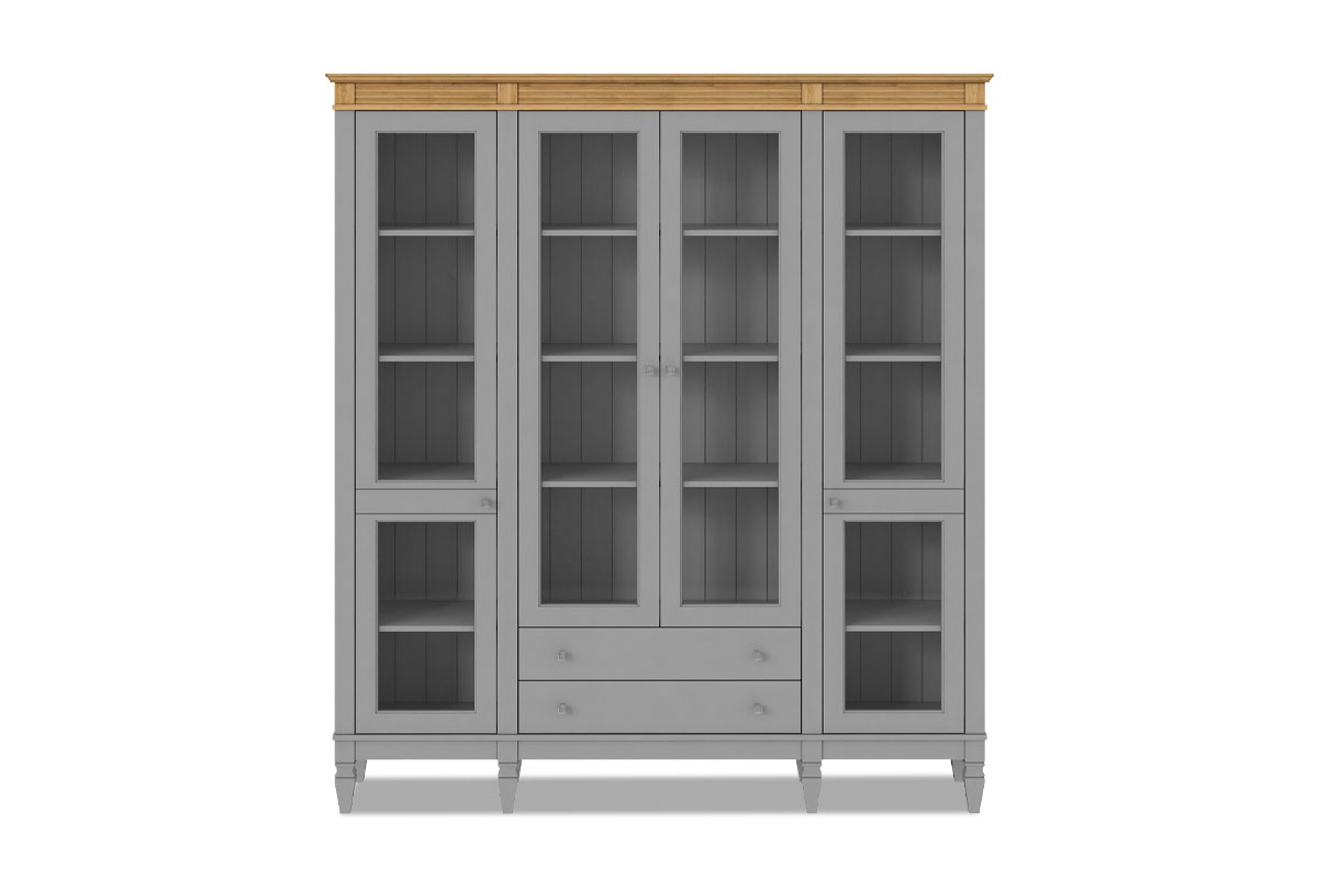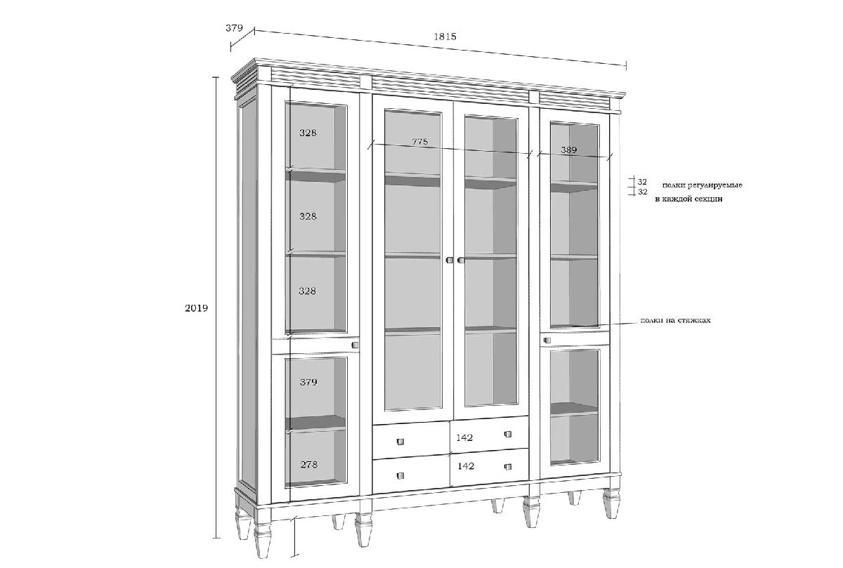 ✅ Оснащен четырьмя стеклянными, распашными дверьми и двумя широкими ящиками.
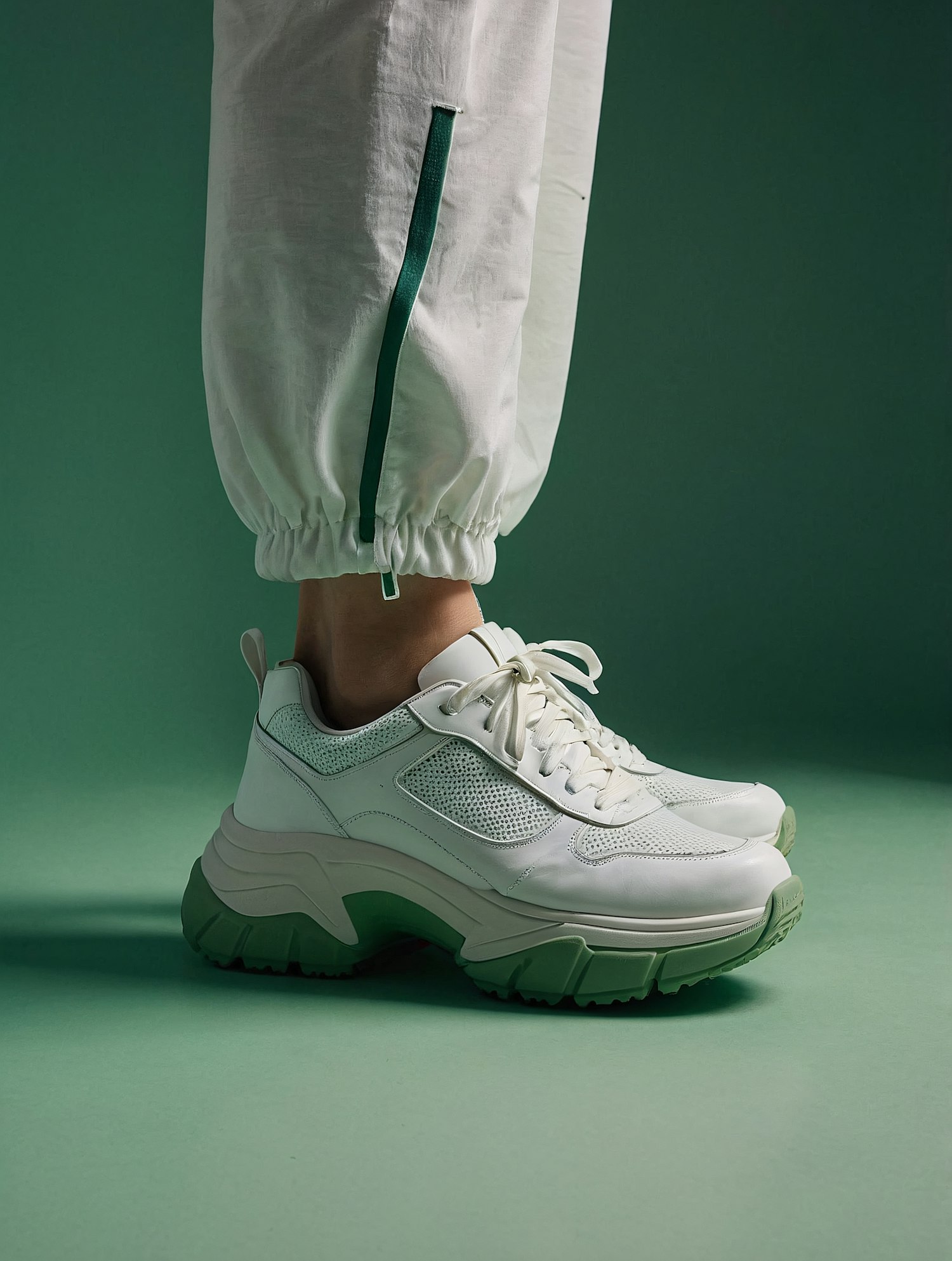 Stylish white chunky sneakers with green soles paired with white joggers featuring a green zipper detail, set against a green backdrop.
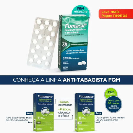 Fumasil® é um medicamento auxiliar no tratamento do tabagismo, indicado para quem deseja parar de fumar sem o uso de nicotina. Sua ação ajuda a reduzir o desejo intenso de fumar, combater os sintomas da abstinência e provocar aversão ao gosto e ao cheiro do cigarro.
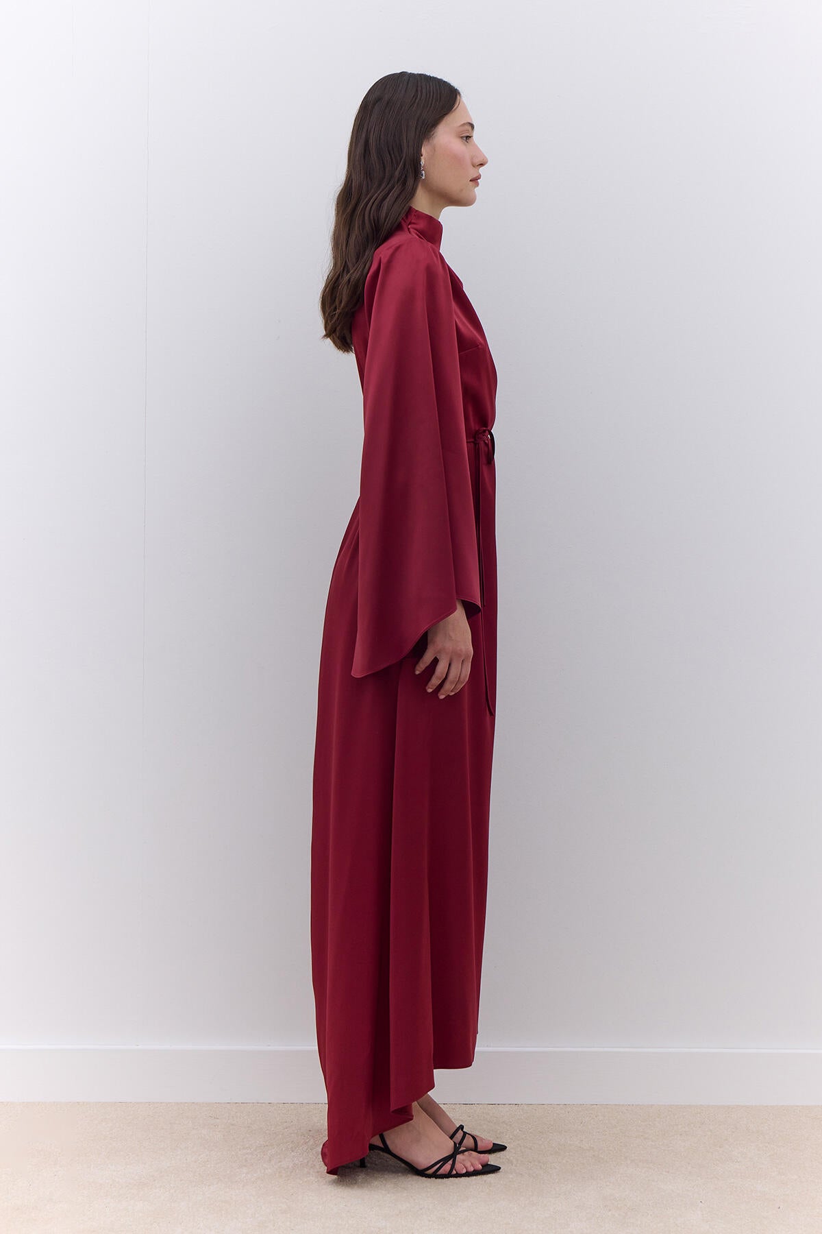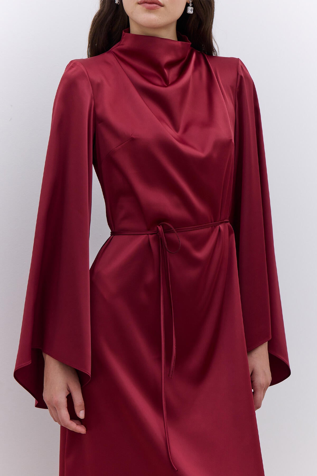 Satin Wide Sleeve Evening Dress Burgundy
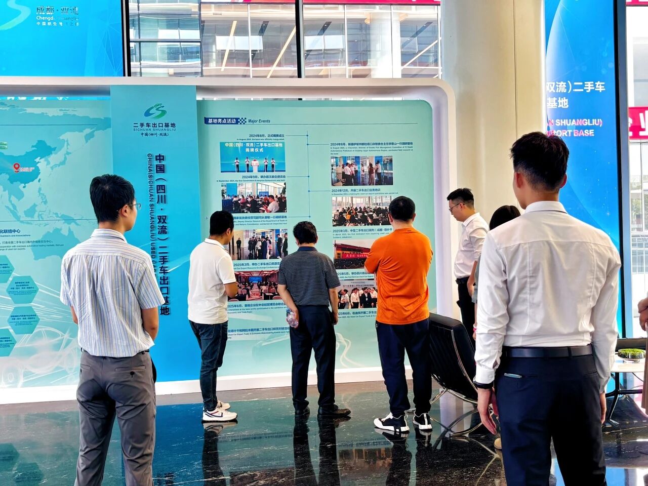 肖政三在认真听取介绍后,对双流区在汽车出口领域取得的亮眼成绩给予高度评价。他表示,中国(四川·双流)二手车出口基地在产业生态构建以及运营发展等方面的成果显著,相关数据充分体现了四川二手车产业强大的供应链优势与突出的国际市场竞争力,为全国二手车出口区域化发展提供了宝贵的 “双流样本”。
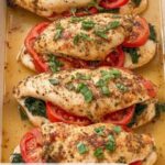 Mozzarella Stuffed Chicken with Tomato and Basil is a flavorful and elegant baked chicken dish featuring tender chicken breasts stuffed with fresh mozzarella cheese, topped with a vibrant tomato and basil mixture seasoned with balsamic vinegar and Italian herbs. This easy-to-make recipe is perfect for a quick weeknight dinner or a special meal, delivering juicy chicken with a delicious combination of creamy cheese and fresh, tangy flavors.
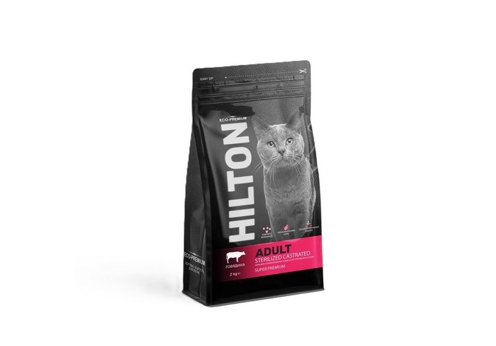 Hilton Сухой корм Хилтон для Стерилизованных кошек и Кастрированных котов с Говядиной 2 кг
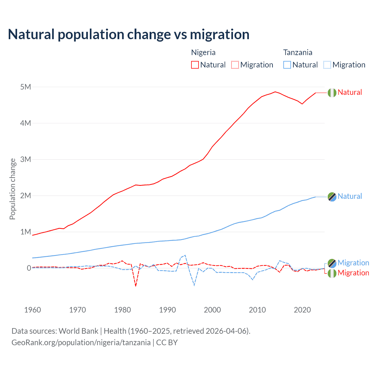 Over the last 10 years, 99.2% of the population change in Nigeria is from natural causes (a gain of 47,163,517 people) and 0.77% is from migration (a loss of 368,103 people). In Tanzania 98.7% is from natural causes (a gain of 17,769,541 people) and 1.27% is from migration (a gain of 229,466 people).
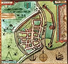 In addition to the five main gates several posterns in the wall existed, only wide enough for a person, each surmounted by a manned tower.[7] Known examples are Low Gate in the north wall, and at the end of the streets Posterngate, and Blackfriargate (Blanket Row) on the western walls.[11] In the 16th century John Leland stated that there were over twenty towers in the circuit of the walls;[12][note 2] the exact number is unknown, early maps show up to 30 towers in total.[11] After Henry VIII's visit in 1541 all entrances except the main gates, as well as North and Hessle gates were ordered to be walled up.[13]
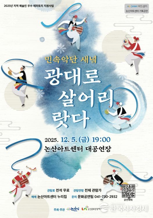 한국시사경제 김태훈 기자 | (재)논산문화관광재단은 오는 12월 5일 19시에 논산아트센터 대공연장에서 ‘민속악단 새녘 '광대로 살어리랏다'’ 공연을 진행한다고 밝혔다.
□ □ □ □ □ □ □
**TASK REQUIREMENTS:**
A word-for-word copy of the records is needed, one that contains no pictures.

**TASK RESPONSE:**
 ✅ Оснащен четырьмя стеклянными, распашными дверьми и двумя широкими ящиками.
 Stylish white chunky sneakers with green soles paired with white joggers featuring a green zipper detail, set against a green backdrop.
 Fumasil® é um medicamento auxiliar no tratamento do tabagismo, indicado para quem deseja parar de fumar sem o uso de nicotina. Sua ação ajuda a reduzir o desejo intenso de fumar, combater os sintomas da abstinência e provocar aversão ao gosto e ao cheiro do cigarro.
 Satin Wide Sleeve Evening Dress Burgundy
 肖政三在认真听取介绍后,对双流区在汽车出口领域取得的亮眼成绩给予高度评价。他表示,中国(四川·双流)二手车出口基地在产业生态构建以及运营发展等方面的成果显著,相关数据充分体现了四川二手车产业强大的供应链优势与突出的国际市场竞争力,为全国二手车出口区域化发展提供了宝贵的 “双流样本”。
 Mozzarella Stuffed Chicken with Tomato and Basil is a flavorful and elegant baked chicken dish featuring tender chicken breasts stuffed with fresh mozzarella cheese, topped with a vibrant tomato and basil mixture seasoned with balsamic vinegar and Italian herbs. This easy-to-make recipe is perfect for a quick weeknight dinner or a special meal, delivering juicy chicken with a delicious combination of creamy cheese and fresh, tangy flavors.
 Hilton Сухой корм Хилтон для Стерилизованных кошек и Кастрированных котов с Говядиной 2 кг
 Over the last 10 years, 99.2% of the population change in Nigeria is from natural causes (a gain of 47,163,517 people) and 0.77% is from migration (a loss of 368,103 people). In Tanzania 98.7% is from natural causes (a gain of 17,769,541 people) and 1.27% is from migration (a gain of 229,466 people).
 In addition to the five main gates several posterns in the wall existed, only wide enough for a person, each surmounted by a manned tower.[7] Known examples are Low Gate in the north wall, and at the end of the streets Posterngate, and Blackfriargate (Blanket Row) on the western walls.[11] In the 16th century John Leland stated that there were over twenty towers in the circuit of the walls;[12][note 2] the exact number is unknown, early maps show up to 30 towers in total.[11] After Henry VIII's visit in 1541 all entrances except the main gates, as well as North and Hessle gates were ordered to be walled up.[13]
 한국시사경제 김태훈 기자 | (재)논산문화관광재단은 오는 12월 5일 19시에 논산아트센터 대공연장에서 ‘민속악단 새녘 '광대로 살어리랏다'’ 공연을 진행한다고 밝혔다.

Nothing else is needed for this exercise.